The DOJ, SEC and other agencies and authorities have a broad range of civil and criminal penalties they may seek to impose against corporations and individuals for violations of trade sanctions laws, the FCPA and other federal statutes including, but not limited to, injunctive relief, disgorgement, fines, penalties and modifications to business practices and compliance programs. In recent years, these agencies and authorities have entered into agreements with, and obtained a range of penalties against, several corporations and individuals in similar investigations, under which civil and criminal penalties were imposed, including in some cases fines and other penalties and sanctions in the tens and hundreds of millions of dollars. Any injunctive relief, disgorgement, fines, penalties, sanctions or imposed modifications to business practices resulting from these investigations could adversely affect our results of operations, and the cost of our investigations have been significant.

To the extent we violated trade sanctions laws, the FCPA, or other laws or regulations, fines and other penalties may be imposed.  Because these matters are now pending before the indicated agencies, there is some uncertainty as to the ultimate amount of any penalties we may pay.   There can be no assurance that actual fines or penalties, if any, will not have a material adverse effect on our business, financial condition, liquidity or results of operations.

The SEC and DOJ are investigating the circumstances surrounding the material weakness in the Company's internal controls over financial reporting for income taxes that was disclosed on Forms 8-K and 12b-25 on March 1, 2011, February 21, 2012 and July 24, 2012, respectively, and the subsequent restatements of our historical financial statements.  In addition, the SIX Sanction Commission has received an application from the SIX (Swiss) Exchange Regulation regarding sanctions for similar internal controls and restatement matters. We are cooperating fully with these investigations.

Shareholder Litigation

In 2010, shareholders filed suit in Weatherford's name against those directors in place before June 2010 and certain current and former members of management relating to the U.S. government and internal investigations disclosed above and in our SEC filings since 2007. Separately, in 2011 and 2012, shareholders filed suit relating to the material weakness in the Company's internal controls over financial reporting for income taxes that was disclosed on the Forms 8-K and 12b-25 filed on March 1, 2011, February 21, 2012 and July 24, 2012, and the related restatement of historical financial statements. These suits name the Company as well as current and former members of management and our directors. We cannot predict the ultimate outcome of these claims.

Other Disputes

Our former Senior Vice President and General Counsel (the "Executive") left the Company in June 2009. The Executive had employment agreements with us that terminated on his departure. There is currently a dispute between the Executive and us as to the amount of compensation we are obligated to pay under these employment agreements based on the Executive's separation. This dispute has not resulted in a lawsuit being filed. It is our belief that an unfavorable outcome regarding this dispute is not probable, and as such, we have not accrued for $9 million of the Executive's claimed severance and other benefits.

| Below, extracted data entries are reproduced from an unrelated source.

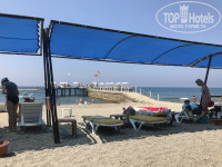 5. Море. Проход к морю по подземному переходу, там же сидит отхранник. прямо каменистый заход, но навесы и лежаки в достаточном количестве. Если пойти налево, то площадка для игры в воллейбол и вход в море на любой вкус. Хочешь с пирса, хочешь с синего пантона, хочешь с берега. Вход прекарсный, песочек рядом с пантоном, попадаются каменые плиты, но совершенно не мешают.
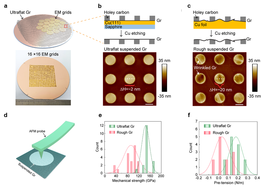 图2.超平整石墨烯载网的设计、制备与力学性质表征
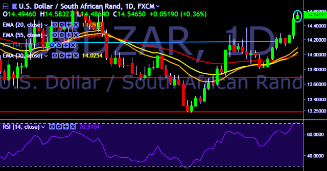 We prefer to take long position on USD/ZAR around 14.50, stop loss at 14.35 and target of 14.94.
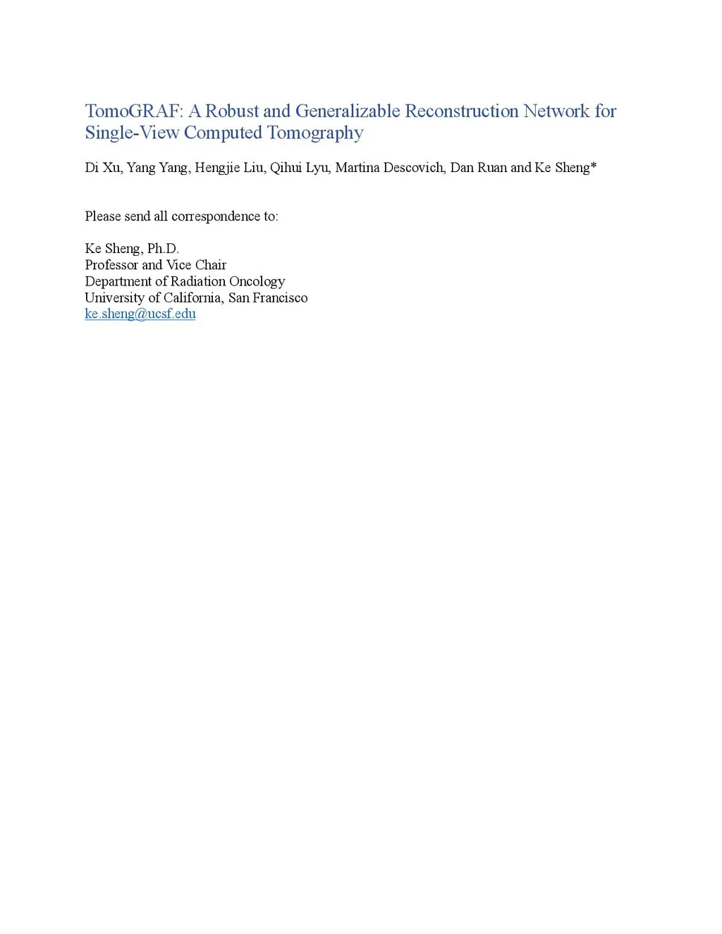 TomoGRAF: A Robust and Generalizable Reconstruction Network for

Additionally, we are aware of various disputes and potential claims and are a party in various litigation involving claims against us, some of which are covered by insurance. For claims, disputes and pending litigation in which we believe a negative outcome is probable and a loss can be reasonably estimated, we have recorded a liability for the expected loss. These liabilities are immaterial to our financial condition and results of operations. In addition we have certain claims, disputes and pending litigation in which we do not believe a negative outcome is probable or for which we can only estimate a range of liability.  If one or more negative outcomes were to occur relative to these matters, we do not believe that the impact to our financial condition would be material.
17

WEATHERFORD INTERNATIONAL LTD. AND SUBSIDIARIES
NOTES TO CONDENSED CONSOLIDATED FINANCIAL STATEMENTS
(UNAUDITED)

15. New Accounting Pronouncements

In July 2012, the FASB issued new guidance allowing entities to use a qualitative approach to test indefinite-lived intangible assets for impairment.  The guidance permits an entity to first perform a qualitative assessment to determine whether it is more likely than not that the fair value of an indefinite-lived intangible asset is less than its carrying value. If it is concluded that this is the case, it is necessary to perform the currently prescribed quantitative impairment test by comparing the fair value of the indefinite-lived intangible asset with its carrying value. Otherwise, the quantitative impairment test is not required. This new guidance is effective for fiscal years and interim periods beginning after September 15, 2012.  We did not utilize this option in 2012 or in the first six months of 2013.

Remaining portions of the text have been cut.